Stored entries:
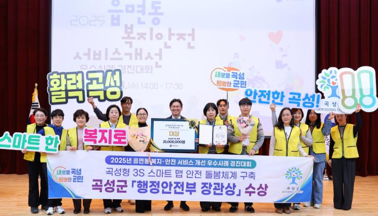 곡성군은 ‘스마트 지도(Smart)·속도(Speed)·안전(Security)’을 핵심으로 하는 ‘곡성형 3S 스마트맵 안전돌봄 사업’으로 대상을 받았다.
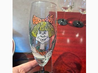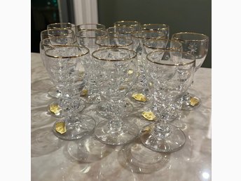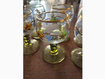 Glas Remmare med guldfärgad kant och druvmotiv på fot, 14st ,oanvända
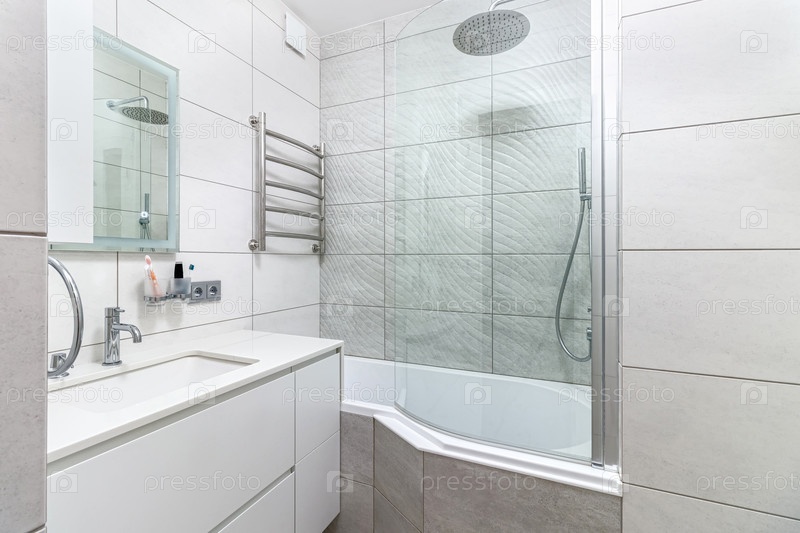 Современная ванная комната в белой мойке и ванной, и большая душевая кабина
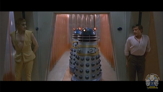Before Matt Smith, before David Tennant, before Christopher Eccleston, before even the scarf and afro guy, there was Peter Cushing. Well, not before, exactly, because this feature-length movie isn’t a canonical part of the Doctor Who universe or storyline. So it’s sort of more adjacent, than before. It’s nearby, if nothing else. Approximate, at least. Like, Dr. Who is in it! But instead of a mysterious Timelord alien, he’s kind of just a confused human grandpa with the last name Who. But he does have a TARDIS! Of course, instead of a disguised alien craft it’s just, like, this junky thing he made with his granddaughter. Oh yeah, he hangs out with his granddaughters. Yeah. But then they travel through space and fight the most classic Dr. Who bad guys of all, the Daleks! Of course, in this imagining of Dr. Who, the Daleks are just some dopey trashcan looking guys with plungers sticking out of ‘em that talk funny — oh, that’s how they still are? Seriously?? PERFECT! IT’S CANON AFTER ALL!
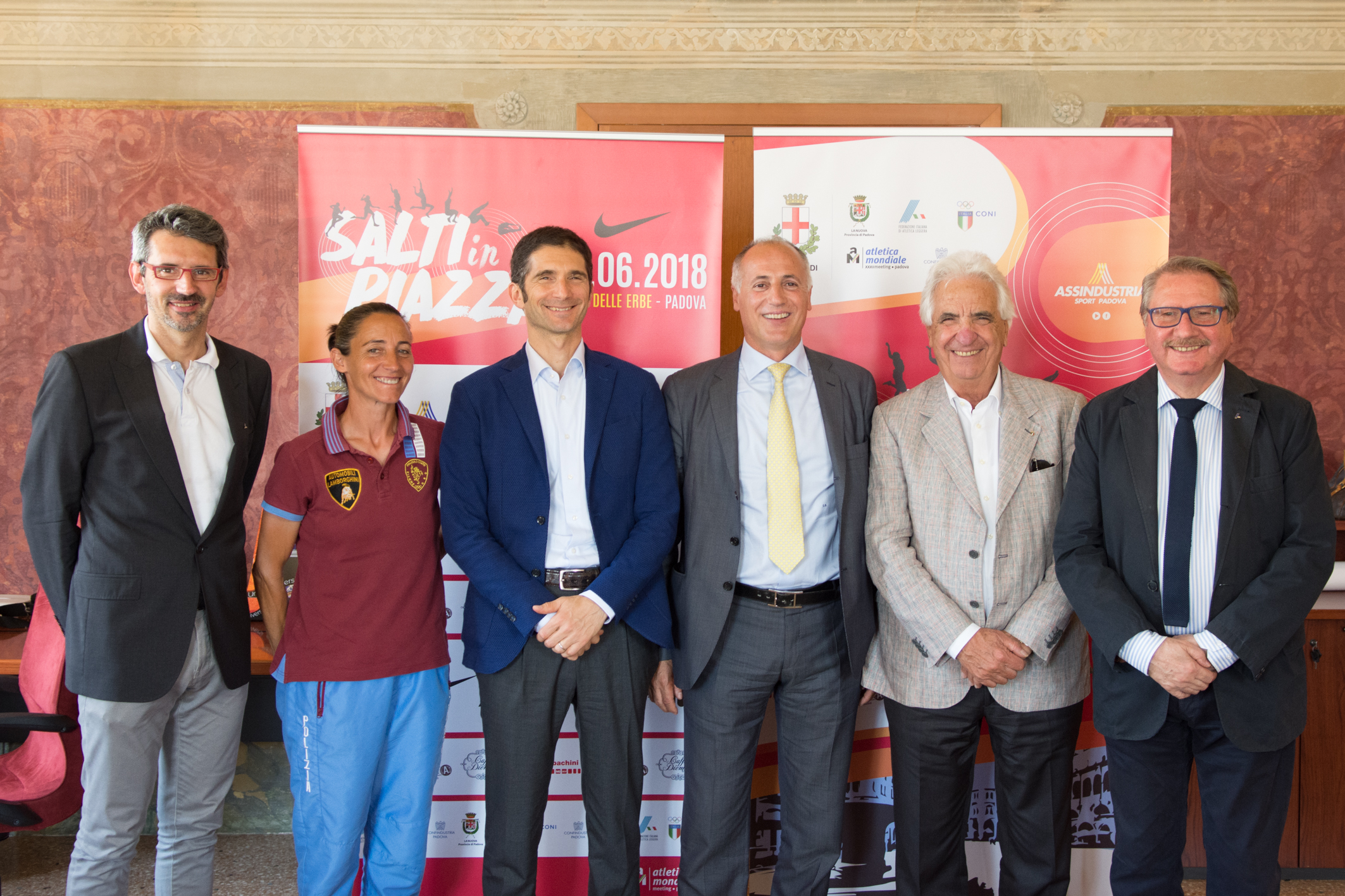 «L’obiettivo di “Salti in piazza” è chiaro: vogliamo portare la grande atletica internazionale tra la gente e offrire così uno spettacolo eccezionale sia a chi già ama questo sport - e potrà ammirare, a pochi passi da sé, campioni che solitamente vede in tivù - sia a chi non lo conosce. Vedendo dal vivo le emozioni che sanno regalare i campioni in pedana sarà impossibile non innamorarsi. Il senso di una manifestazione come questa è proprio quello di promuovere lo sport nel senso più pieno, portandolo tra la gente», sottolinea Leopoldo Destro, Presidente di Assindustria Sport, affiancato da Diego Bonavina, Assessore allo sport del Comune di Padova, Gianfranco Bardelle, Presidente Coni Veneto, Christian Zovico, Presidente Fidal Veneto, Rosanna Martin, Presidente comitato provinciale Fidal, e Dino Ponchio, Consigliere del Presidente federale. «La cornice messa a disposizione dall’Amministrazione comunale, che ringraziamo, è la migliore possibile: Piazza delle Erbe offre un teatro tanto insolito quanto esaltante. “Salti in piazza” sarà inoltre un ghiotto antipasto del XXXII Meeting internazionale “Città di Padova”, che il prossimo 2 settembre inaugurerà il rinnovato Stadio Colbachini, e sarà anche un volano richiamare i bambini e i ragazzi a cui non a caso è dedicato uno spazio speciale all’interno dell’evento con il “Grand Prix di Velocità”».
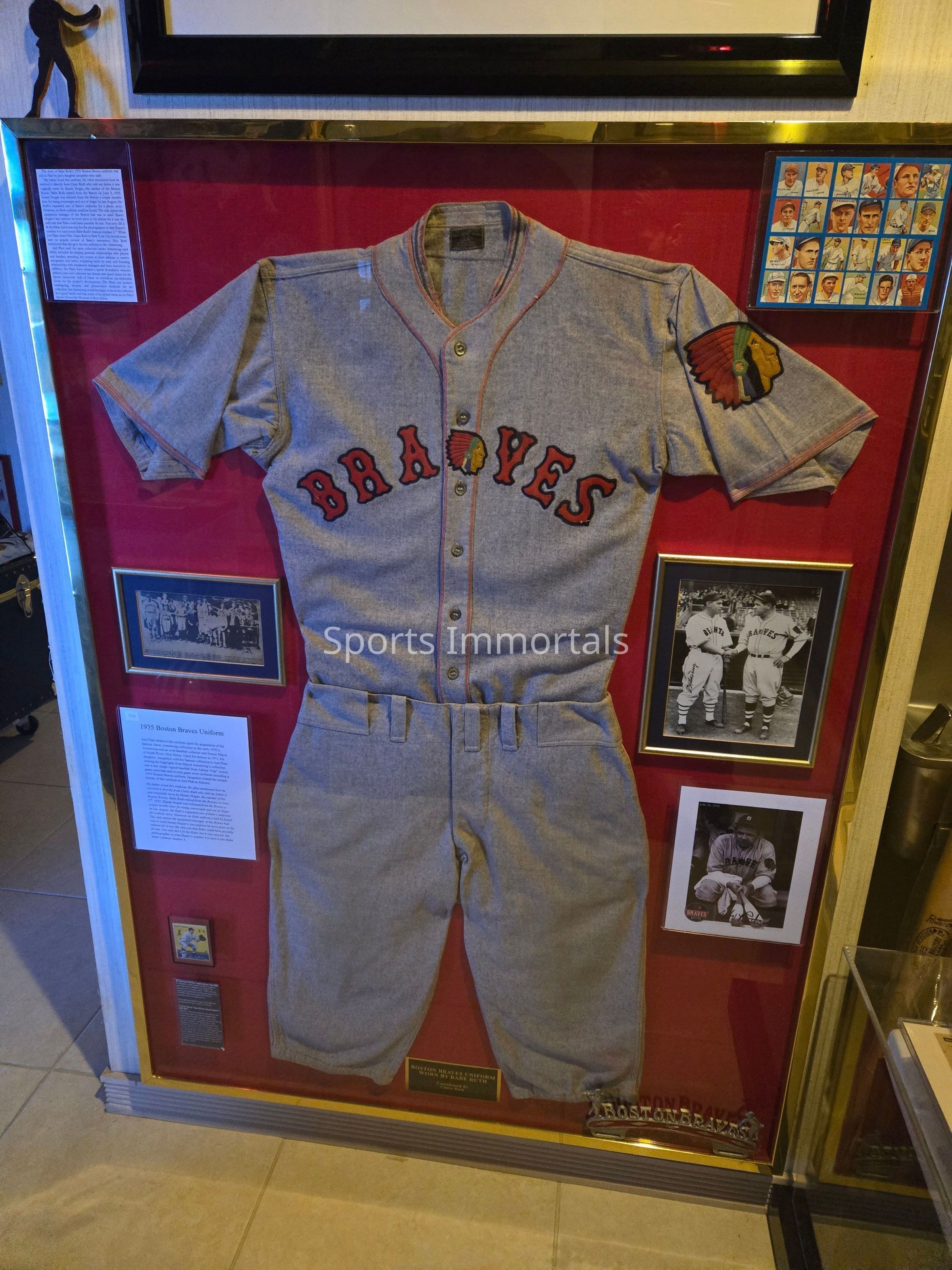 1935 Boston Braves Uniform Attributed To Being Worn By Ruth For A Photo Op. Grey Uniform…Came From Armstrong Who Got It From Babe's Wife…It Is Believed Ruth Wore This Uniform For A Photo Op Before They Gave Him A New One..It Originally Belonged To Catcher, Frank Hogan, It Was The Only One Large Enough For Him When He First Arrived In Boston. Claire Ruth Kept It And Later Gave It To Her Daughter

▸ Requirement
What you return should be only the exact lines from the top of the entries through the line with "Современная ванная комната", minus the pictures.

▸ Result
 곡성군은 ‘스마트 지도(Smart)·속도(Speed)·안전(Security)’을 핵심으로 하는 ‘곡성형 3S 스마트맵 안전돌봄 사업’으로 대상을 받았다.
 Glas Remmare med guldfärgad kant och druvmotiv på fot, 14st ,oanvända
 Современная ванная комната в белой мойке и ванной, и большая душевая кабина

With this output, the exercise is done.